[Data under study — start]

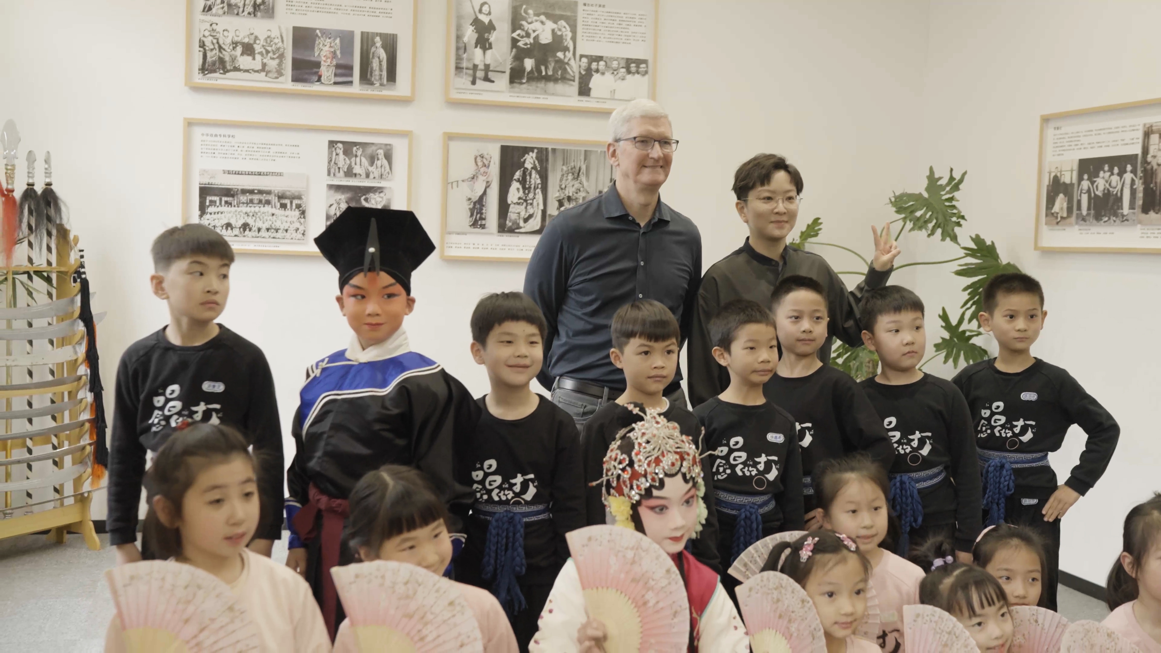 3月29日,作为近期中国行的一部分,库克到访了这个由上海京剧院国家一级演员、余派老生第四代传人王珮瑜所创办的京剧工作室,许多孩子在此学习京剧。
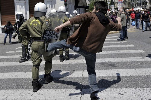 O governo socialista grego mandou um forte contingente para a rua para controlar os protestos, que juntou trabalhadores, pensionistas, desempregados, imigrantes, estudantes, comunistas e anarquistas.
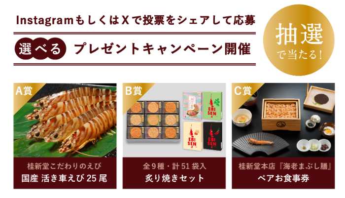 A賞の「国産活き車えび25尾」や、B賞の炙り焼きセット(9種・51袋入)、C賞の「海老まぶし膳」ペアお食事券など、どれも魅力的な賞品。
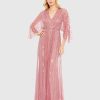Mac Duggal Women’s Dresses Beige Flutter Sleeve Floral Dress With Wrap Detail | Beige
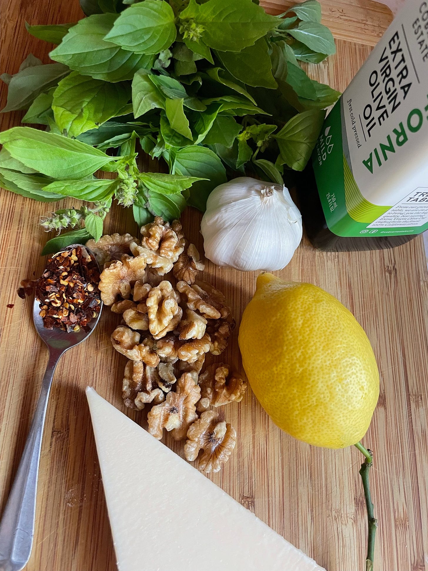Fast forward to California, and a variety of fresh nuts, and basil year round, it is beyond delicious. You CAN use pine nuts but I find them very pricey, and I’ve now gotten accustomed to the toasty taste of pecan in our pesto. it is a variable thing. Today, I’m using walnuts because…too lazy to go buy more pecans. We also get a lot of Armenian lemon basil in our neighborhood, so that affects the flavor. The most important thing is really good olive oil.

[Data under study — finish]

- Assignment
Could you set down verbatim the lines from the beginning of the entries above through the line containing "O governo socialista", both included, leaving out the pictures?

- Finished task
 3月29日,作为近期中国行的一部分,库克到访了这个由上海京剧院国家一级演员、余派老生第四代传人王珮瑜所创办的京剧工作室,许多孩子在此学习京剧。
 O governo socialista grego mandou um forte contingente para a rua para controlar os protestos, que juntou trabalhadores, pensionistas, desempregados, imigrantes, estudantes, comunistas e anarquistas.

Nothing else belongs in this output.